Dividend increases are great. But, the question then is whether they are sustainable over the long term. RHI's dividend payout ratios have hovered in the 30s for the last 7 years. The dividend to free cash flow ratio has been below 30% for the last 4 years.
These ratios seem to suggest that the dividend payouts have been quite sustainable, leaving enough cash for the company to reinvest and grow its business. There is a good chance of future growth in dividends if such conservative payout ratios can be maintained.
RHI's business model is closely linked with the health of the overall economy. The US economy is currently going very strong and there are no indications of any disruptions. The treasury yield curves keep hinting towards an impending recession, but so far the economy has been doing well and there are more job openings than the number of hires since 2015.
RHI also has a good reputation in the industry. Forbes magazine has listed the company as one of the Most Admired Companies for 21 consecutive years. The company has several other awards and recognitions to its name. A good brand name and reputation will aid the company in its future.
RHI has a very small presence in the Asian region. The Asia-Pacific region is a high-growth region in terms of growing economies and staffing requirements. The company, therefore, has an opportunity to increase and sustain its growth through such promising markets.

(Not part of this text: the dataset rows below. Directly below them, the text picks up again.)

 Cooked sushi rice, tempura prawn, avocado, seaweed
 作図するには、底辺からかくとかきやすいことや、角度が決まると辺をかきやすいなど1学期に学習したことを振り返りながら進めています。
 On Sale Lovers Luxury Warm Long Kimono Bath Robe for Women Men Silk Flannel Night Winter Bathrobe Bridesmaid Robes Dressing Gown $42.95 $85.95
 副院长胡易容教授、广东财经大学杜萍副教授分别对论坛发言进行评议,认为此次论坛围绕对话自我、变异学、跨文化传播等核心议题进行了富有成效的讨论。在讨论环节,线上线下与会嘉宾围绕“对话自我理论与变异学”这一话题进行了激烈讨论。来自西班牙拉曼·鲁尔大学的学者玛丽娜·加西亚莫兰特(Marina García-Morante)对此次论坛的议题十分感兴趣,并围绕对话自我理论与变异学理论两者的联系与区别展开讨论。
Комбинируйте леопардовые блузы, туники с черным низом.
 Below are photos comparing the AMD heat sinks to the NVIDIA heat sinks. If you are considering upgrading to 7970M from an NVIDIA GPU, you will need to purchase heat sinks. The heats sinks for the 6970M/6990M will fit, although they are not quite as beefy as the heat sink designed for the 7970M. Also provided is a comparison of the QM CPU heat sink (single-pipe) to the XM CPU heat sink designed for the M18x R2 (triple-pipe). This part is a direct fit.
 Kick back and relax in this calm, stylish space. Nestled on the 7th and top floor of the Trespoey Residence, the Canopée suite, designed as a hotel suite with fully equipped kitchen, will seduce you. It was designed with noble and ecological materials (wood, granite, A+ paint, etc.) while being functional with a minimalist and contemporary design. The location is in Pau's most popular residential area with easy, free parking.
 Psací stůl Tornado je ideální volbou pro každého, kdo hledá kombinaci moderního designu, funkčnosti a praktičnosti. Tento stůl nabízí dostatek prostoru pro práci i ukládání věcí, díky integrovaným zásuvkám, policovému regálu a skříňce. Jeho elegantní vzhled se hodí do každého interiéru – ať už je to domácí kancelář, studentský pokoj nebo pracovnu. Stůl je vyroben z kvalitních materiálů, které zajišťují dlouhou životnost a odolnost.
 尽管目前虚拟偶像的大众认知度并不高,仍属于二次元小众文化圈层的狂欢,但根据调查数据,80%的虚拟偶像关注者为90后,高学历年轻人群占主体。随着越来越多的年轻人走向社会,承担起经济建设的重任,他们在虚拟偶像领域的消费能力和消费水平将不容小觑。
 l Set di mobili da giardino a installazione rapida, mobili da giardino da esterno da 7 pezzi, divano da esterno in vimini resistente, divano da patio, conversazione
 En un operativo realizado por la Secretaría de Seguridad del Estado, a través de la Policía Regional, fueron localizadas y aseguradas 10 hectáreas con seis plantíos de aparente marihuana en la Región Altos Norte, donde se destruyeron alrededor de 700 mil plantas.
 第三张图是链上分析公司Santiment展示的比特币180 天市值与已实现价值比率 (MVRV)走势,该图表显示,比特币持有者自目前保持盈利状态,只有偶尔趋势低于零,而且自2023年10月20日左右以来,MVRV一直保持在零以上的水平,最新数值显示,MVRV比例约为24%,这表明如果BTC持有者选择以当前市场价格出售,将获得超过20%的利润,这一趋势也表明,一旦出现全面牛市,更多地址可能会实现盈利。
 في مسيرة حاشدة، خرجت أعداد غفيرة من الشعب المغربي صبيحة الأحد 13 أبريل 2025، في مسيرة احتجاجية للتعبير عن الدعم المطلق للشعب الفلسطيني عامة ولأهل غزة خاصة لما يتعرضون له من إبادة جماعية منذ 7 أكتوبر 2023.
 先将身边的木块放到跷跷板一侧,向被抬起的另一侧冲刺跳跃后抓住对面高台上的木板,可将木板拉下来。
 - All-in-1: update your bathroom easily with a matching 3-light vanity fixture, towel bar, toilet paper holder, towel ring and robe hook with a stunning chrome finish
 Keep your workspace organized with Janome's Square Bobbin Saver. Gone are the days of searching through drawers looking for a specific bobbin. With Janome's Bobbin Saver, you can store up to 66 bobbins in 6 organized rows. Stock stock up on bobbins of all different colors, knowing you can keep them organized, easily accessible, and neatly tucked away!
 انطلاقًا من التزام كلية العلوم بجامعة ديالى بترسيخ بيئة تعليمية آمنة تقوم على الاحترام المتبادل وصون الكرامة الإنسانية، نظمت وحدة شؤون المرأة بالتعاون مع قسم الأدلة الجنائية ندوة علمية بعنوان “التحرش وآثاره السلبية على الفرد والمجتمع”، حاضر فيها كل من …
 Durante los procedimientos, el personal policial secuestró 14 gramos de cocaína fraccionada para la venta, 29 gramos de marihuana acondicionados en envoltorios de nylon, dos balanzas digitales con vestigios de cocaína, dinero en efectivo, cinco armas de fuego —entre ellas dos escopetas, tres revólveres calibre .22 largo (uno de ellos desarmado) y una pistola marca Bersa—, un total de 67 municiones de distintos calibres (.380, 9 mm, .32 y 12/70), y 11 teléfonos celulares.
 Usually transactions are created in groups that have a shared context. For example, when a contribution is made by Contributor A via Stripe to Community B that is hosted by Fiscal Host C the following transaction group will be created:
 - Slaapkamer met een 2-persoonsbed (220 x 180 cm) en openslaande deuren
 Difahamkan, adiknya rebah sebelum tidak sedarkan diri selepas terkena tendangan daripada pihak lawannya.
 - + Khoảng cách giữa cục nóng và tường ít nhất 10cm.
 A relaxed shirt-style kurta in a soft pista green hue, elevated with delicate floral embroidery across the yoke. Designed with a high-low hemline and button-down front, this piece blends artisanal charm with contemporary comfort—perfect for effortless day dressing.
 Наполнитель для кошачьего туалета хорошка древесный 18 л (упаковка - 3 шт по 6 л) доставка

The staffing services industry is a highly competitive one. The primary reason for this industry characteristic is the fact that the entry barriers are very low. Competitors with greater resources can enter this industry at any time and increase competitive intensity.
Additionally, at least in the case of RHI, there are very few long-term contracts. Therefore, there is no guarantee that the revenues flowing in today will also continue to do so in the future.
Human resources are very much dependent on the overall sentiment in the economy. During weaker economic periods, the staffing needs of companies (RHI's clients) tend to go down. This trend is quite evident in the company's sales chart in which clear dips in revenues can be observed in 2002-2003 (post the tech bubble) and 2009-2010 (post the GFC). Therefore, investors must remember that RHI's business will be sensitive to the overall health of the US and the global economy.
source: Investor Presentation
Robert Half International owns a subsidiary named Protiviti. The subsidiary's business is mainly in the audit and regulatory compliance service segments. Any legislative developments which remove regulations (for e.g. provisions of Sarbanes-Oxley) can negatively affect the business of the company.
RHI has an economy-dependent business model. However, what stands out is the fact that the business has bounced back after every major recession only to scale newer heights. Sales growth has been steady while margins have remained quite stable over the longer term.
The company management seems quite shareholder-friendly as it has made increasing dividend payouts for 16 years running. The dividend payout ratio is also quite conservative at around the 30% mark. The management has also conducted a strong share repurchase program, which has significantly reduced the number of shares while boosting the earnings per share.
Valuation-wise, the company looks fairly priced. Most valuation ratios are below the 5 and 10-year averages. The dividend yield has also gone up over the last 18 months, suggesting that this could be a buy-at-the-dips kind of an opportunity to enter the stock.